Print exactly the lines below between the line containing "恋爱话术聊天神器app是一款" and the line containing "Моторная яхта M/Y", counting both of those lines. Leave pictures out.
------ RECORD SET ------
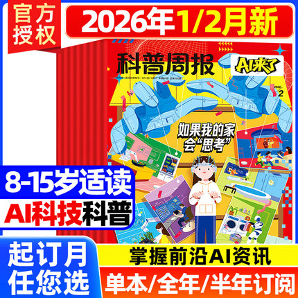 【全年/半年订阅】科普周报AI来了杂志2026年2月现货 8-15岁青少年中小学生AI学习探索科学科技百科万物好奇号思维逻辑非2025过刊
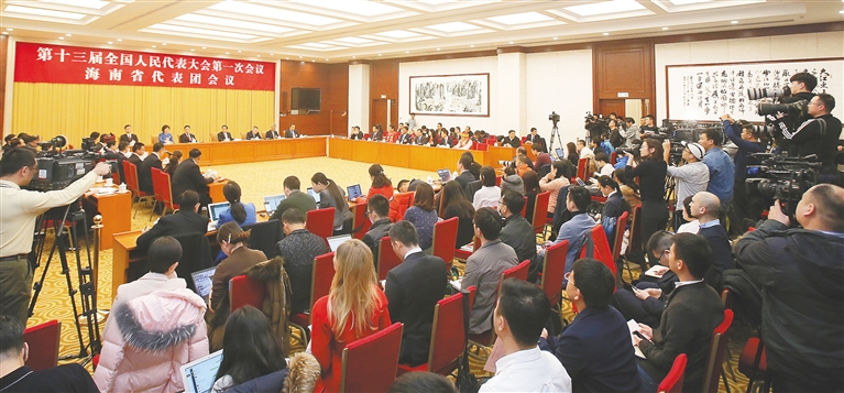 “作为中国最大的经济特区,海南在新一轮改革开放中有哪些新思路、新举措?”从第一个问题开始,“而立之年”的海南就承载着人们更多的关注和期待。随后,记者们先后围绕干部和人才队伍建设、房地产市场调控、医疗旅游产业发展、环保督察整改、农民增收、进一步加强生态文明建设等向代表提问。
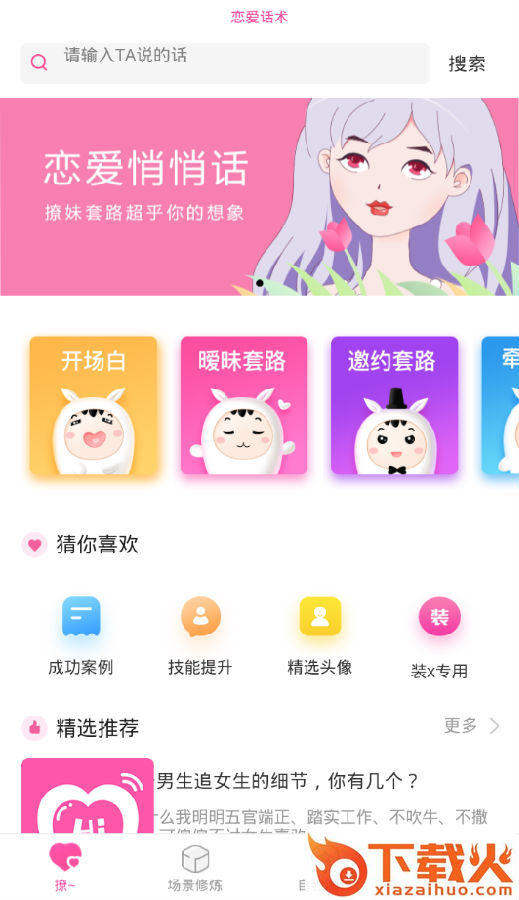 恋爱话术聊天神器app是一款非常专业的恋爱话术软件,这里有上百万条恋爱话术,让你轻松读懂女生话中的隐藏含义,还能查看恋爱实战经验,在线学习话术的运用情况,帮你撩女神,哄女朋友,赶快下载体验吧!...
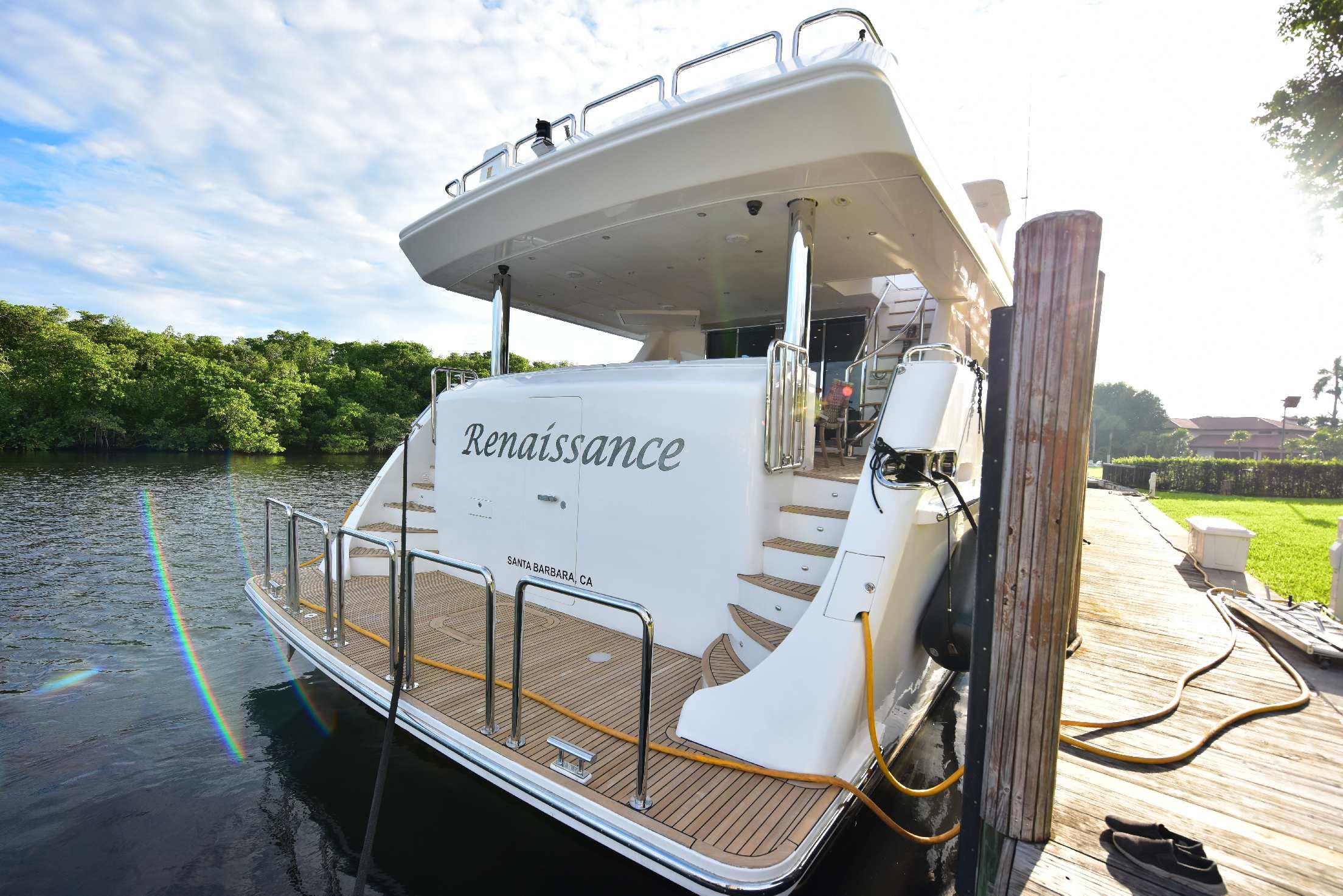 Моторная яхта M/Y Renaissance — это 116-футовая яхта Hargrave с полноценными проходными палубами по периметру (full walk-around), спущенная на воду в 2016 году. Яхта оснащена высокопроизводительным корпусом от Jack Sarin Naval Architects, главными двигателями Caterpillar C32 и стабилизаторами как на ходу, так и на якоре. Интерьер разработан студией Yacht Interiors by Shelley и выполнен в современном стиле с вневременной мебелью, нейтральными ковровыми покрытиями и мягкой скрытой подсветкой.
------
------ RECORD SET ------
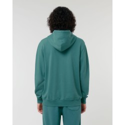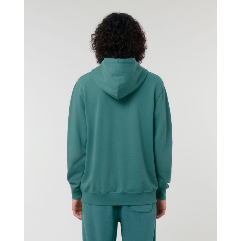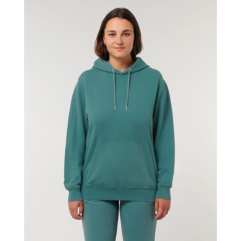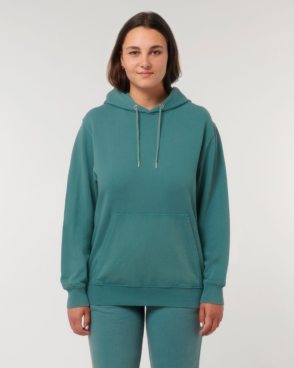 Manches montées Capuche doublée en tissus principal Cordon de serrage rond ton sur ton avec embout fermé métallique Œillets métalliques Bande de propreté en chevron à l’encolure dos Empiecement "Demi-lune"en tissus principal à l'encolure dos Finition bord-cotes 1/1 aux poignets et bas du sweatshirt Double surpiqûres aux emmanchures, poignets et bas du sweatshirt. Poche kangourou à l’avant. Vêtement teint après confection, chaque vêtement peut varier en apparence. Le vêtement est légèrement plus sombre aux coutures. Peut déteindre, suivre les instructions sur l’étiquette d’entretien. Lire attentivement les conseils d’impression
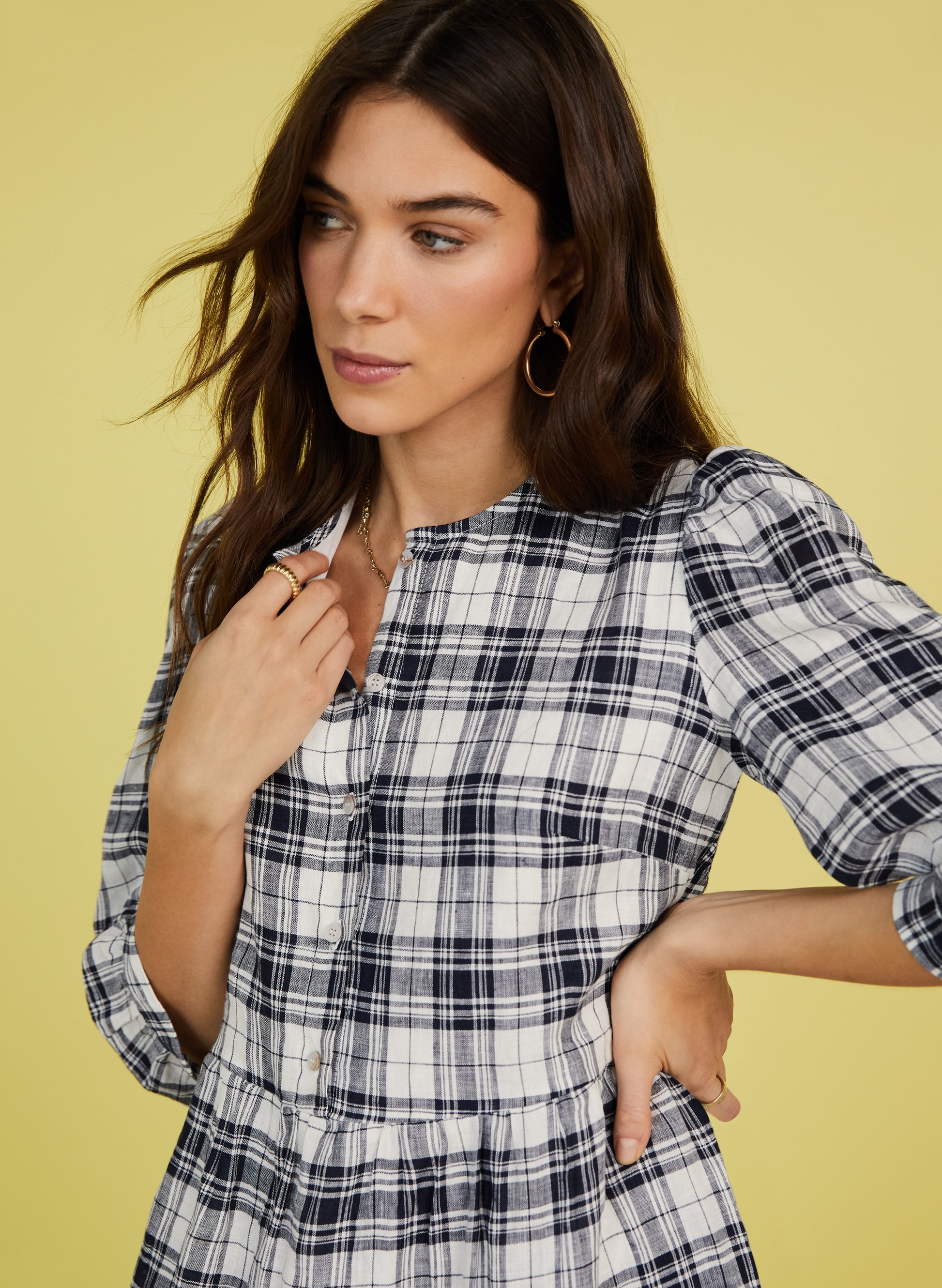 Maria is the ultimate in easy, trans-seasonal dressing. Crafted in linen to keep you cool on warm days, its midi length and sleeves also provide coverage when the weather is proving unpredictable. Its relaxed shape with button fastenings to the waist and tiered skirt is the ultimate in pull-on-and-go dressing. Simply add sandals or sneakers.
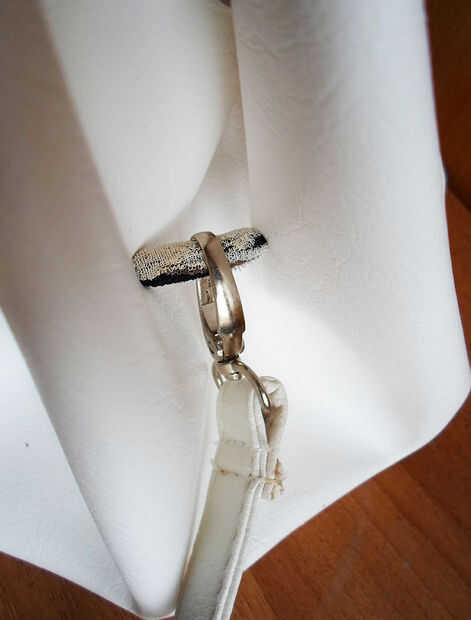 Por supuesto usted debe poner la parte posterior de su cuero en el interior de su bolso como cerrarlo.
------
------ RECORD SET ------
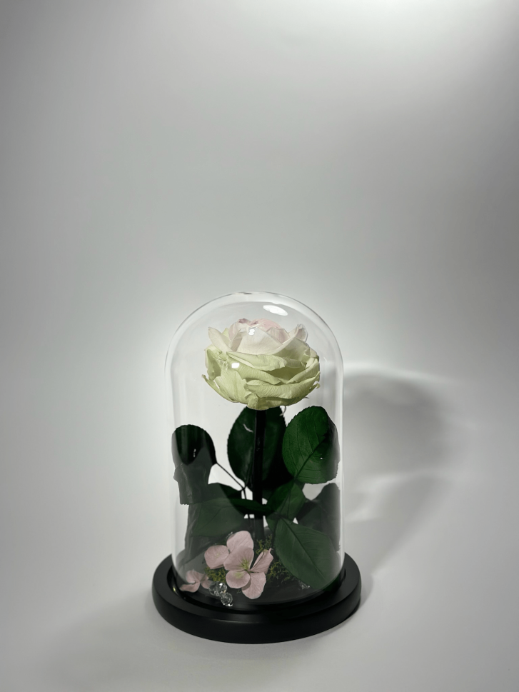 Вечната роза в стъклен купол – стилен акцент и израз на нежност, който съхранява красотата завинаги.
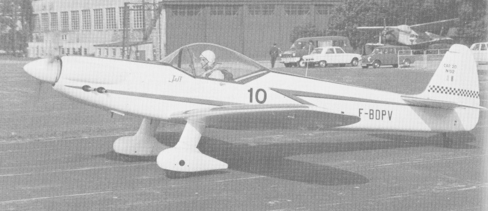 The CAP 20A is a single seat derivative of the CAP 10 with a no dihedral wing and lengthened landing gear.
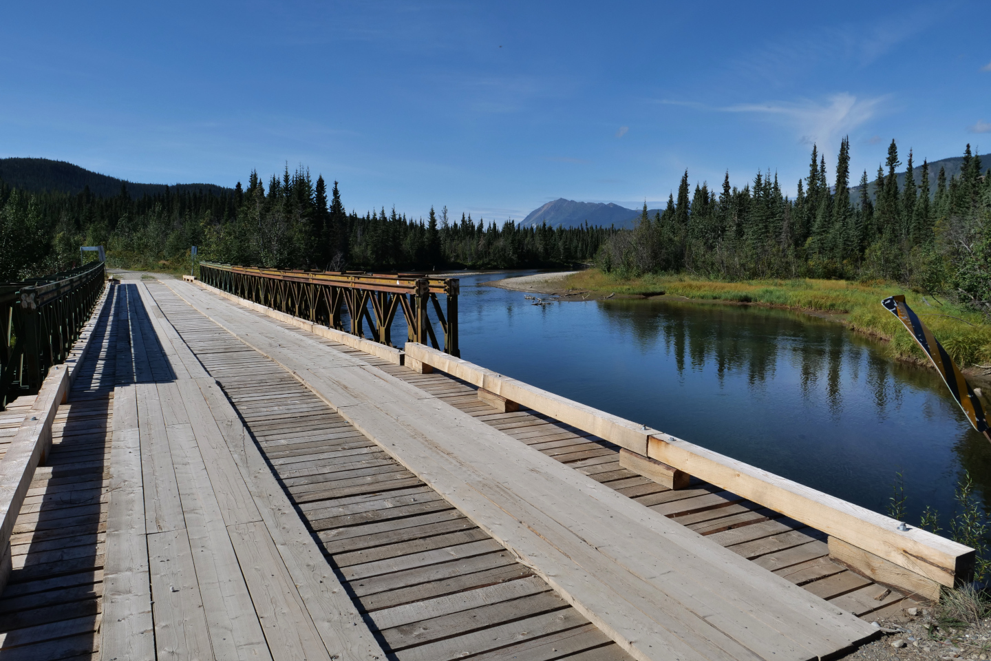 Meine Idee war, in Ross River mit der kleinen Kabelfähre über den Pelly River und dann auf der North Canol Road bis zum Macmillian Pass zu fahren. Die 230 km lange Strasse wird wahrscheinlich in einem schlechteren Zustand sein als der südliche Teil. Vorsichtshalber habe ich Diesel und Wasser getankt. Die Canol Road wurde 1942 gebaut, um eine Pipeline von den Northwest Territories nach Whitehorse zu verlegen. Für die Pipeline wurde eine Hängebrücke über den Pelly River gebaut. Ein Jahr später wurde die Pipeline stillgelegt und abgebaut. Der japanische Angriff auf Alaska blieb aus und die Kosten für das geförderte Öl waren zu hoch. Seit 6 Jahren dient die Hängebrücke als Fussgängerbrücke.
------
**EXERCISE ANSWER:**
 恋爱话术聊天神器app是一款非常专业的恋爱话术软件,这里有上百万条恋爱话术,让你轻松读懂女生话中的隐藏含义,还能查看恋爱实战经验,在线学习话术的运用情况,帮你撩女神,哄女朋友,赶快下载体验吧!...
 Моторная яхта M/Y Renaissance — это 116-футовая яхта Hargrave с полноценными проходными палубами по периметру (full walk-around), спущенная на воду в 2016 году. Яхта оснащена высокопроизводительным корпусом от Jack Sarin Naval Architects, главными двигателями Caterpillar C32 и стабилизаторами как на ходу, так и на якоре. Интерьер разработан студией Yacht Interiors by Shelley и выполнен в современном стиле с вневременной мебелью, нейтральными ковровыми покрытиями и мягкой скрытой подсветкой.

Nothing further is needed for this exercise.